*WHAT THE EXERCISE ASKS*. From the first line to the last, copy the listing exactly and omit the images.

*GIVEN INFORMATION*.
- Opening Delimiter -
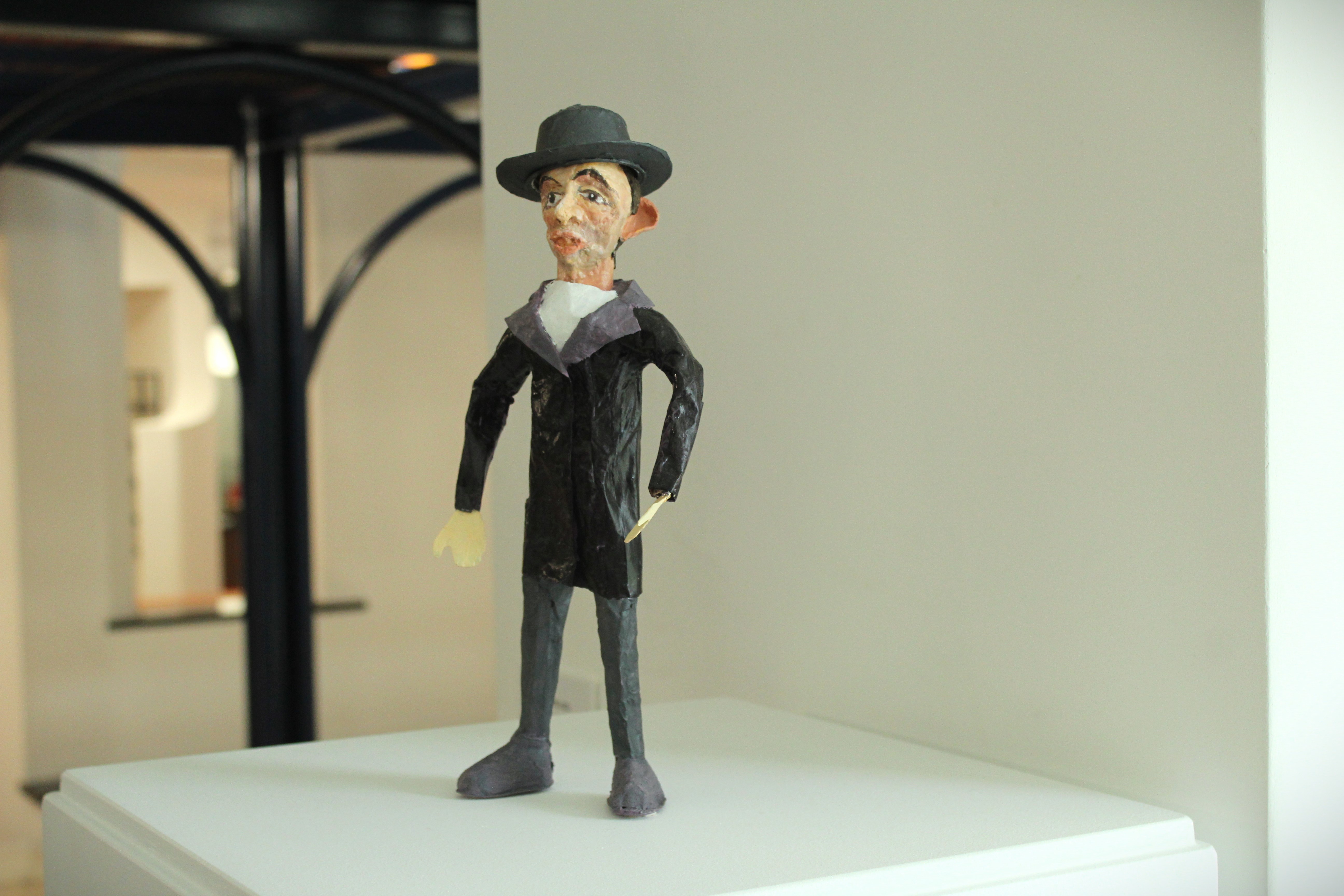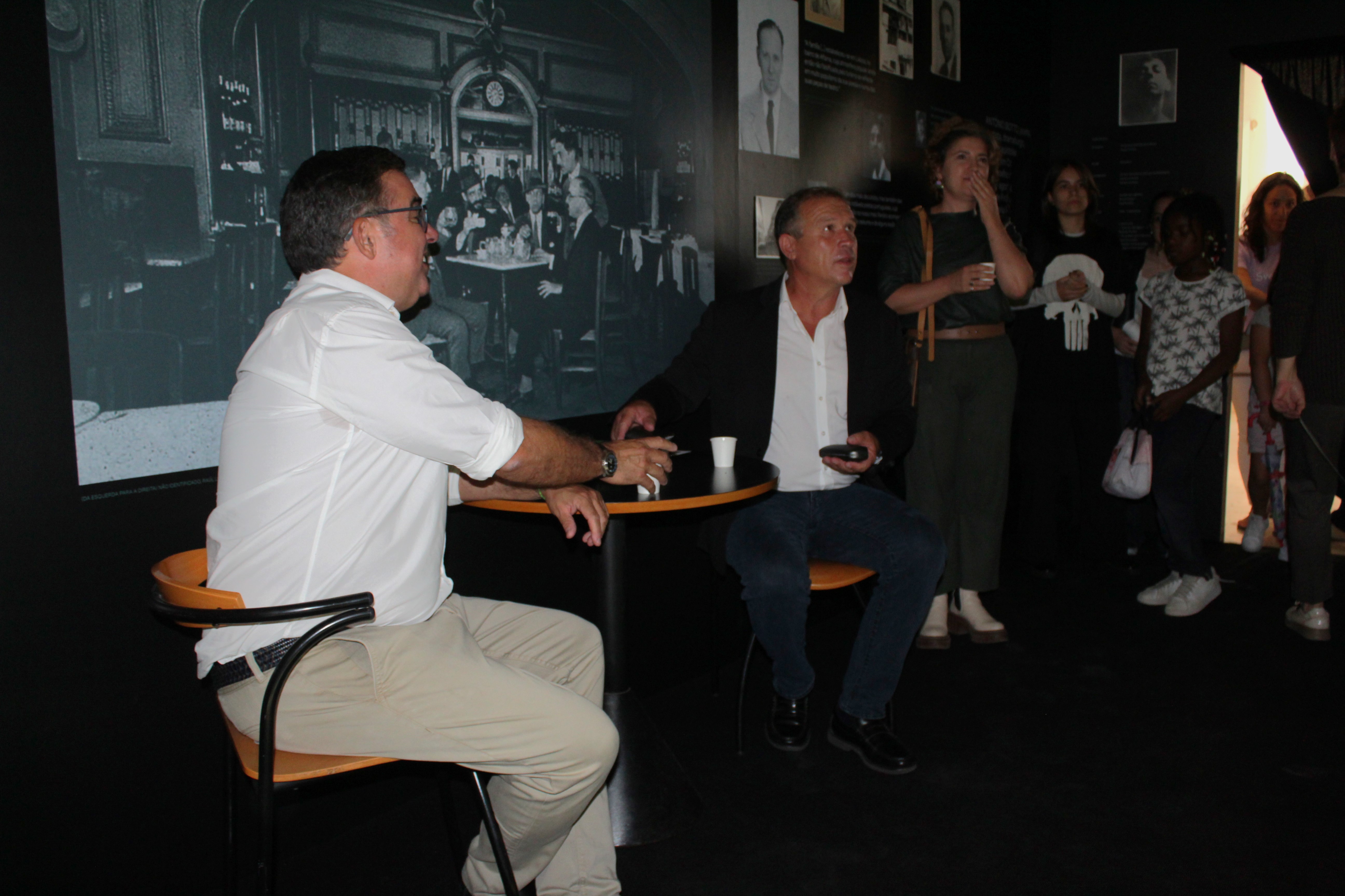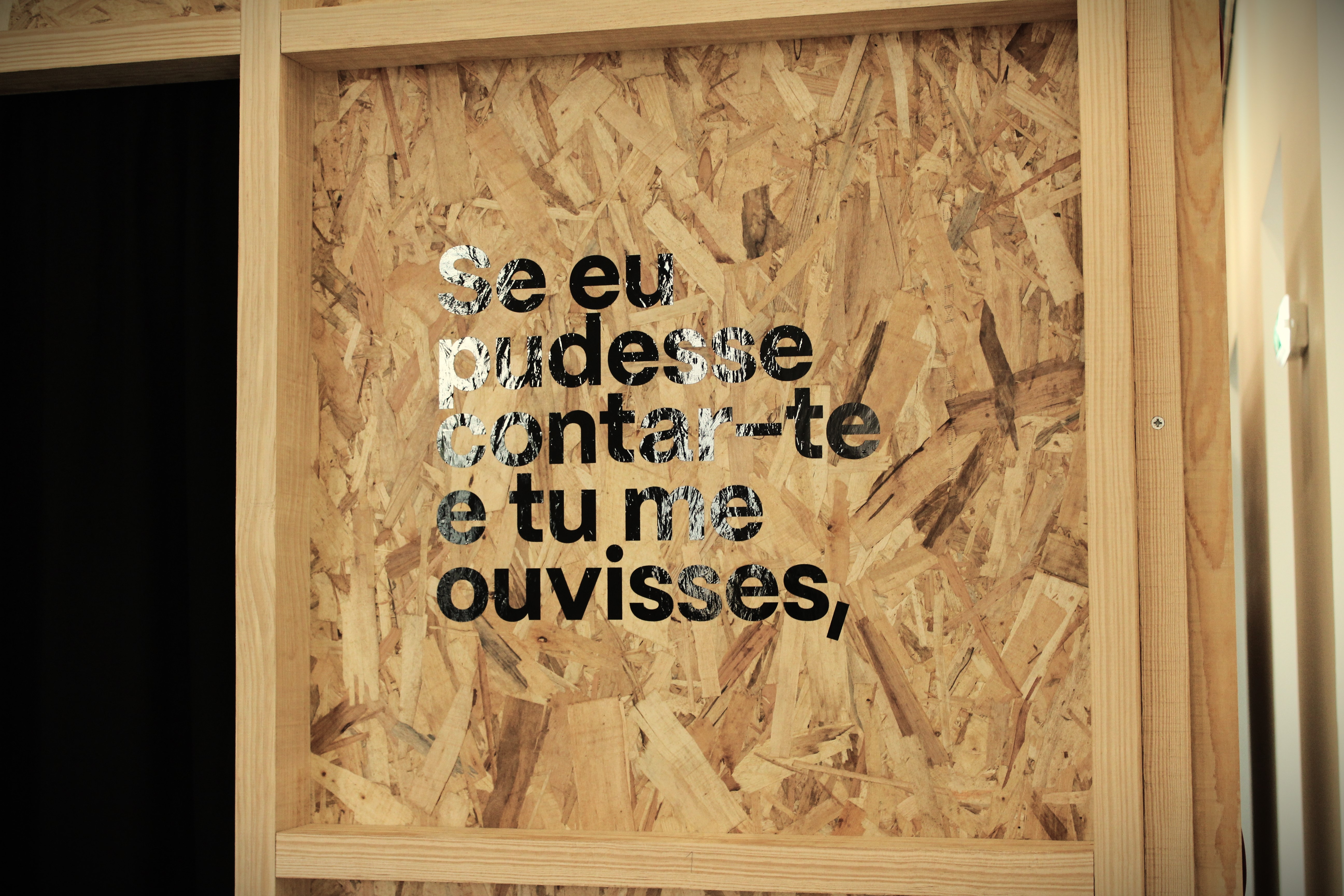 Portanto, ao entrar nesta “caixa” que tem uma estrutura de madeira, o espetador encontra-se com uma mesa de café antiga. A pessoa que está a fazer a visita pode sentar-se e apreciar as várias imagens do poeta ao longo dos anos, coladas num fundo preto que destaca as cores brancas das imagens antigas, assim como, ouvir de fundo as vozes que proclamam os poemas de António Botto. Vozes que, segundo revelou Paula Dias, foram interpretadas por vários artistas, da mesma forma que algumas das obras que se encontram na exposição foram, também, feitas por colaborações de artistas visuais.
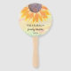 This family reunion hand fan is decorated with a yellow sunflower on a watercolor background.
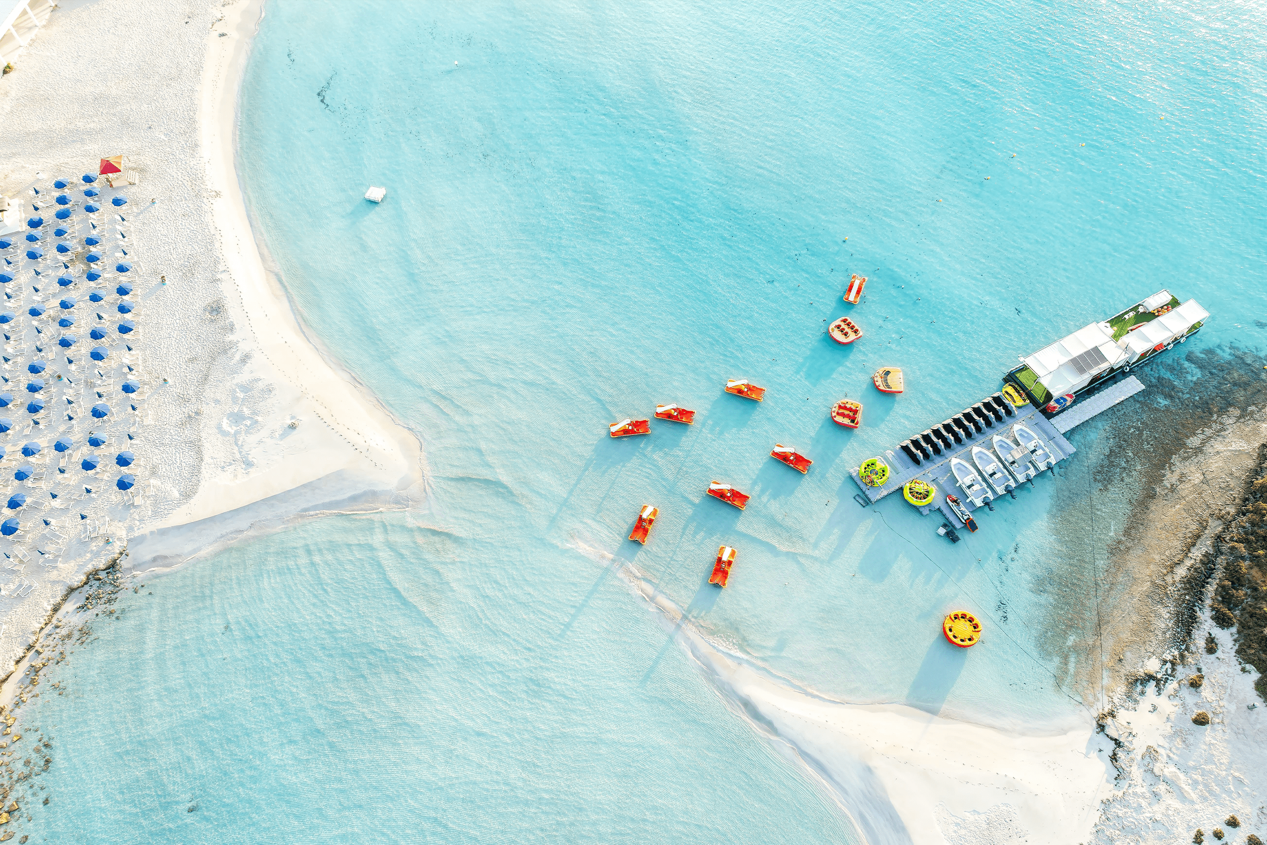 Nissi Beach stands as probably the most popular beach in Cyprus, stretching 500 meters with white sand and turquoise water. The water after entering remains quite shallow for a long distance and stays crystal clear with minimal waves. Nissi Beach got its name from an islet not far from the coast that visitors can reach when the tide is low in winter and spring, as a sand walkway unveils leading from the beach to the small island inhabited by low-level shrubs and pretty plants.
- Closing Delimiter -
*RESPONSE TO THIS EXERCISE*.
 Portanto, ao entrar nesta “caixa” que tem uma estrutura de madeira, o espetador encontra-se com uma mesa de café antiga. A pessoa que está a fazer a visita pode sentar-se e apreciar as várias imagens do poeta ao longo dos anos, coladas num fundo preto que destaca as cores brancas das imagens antigas, assim como, ouvir de fundo as vozes que proclamam os poemas de António Botto. Vozes que, segundo revelou Paula Dias, foram interpretadas por vários artistas, da mesma forma que algumas das obras que se encontram na exposição foram, também, feitas por colaborações de artistas visuais.
 This family reunion hand fan is decorated with a yellow sunflower on a watercolor background.
 Nissi Beach stands as probably the most popular beach in Cyprus, stretching 500 meters with white sand and turquoise water. The water after entering remains quite shallow for a long distance and stays crystal clear with minimal waves. Nissi Beach got its name from an islet not far from the coast that visitors can reach when the tide is low in winter and spring, as a sand walkway unveils leading from the beach to the small island inhabited by low-level shrubs and pretty plants.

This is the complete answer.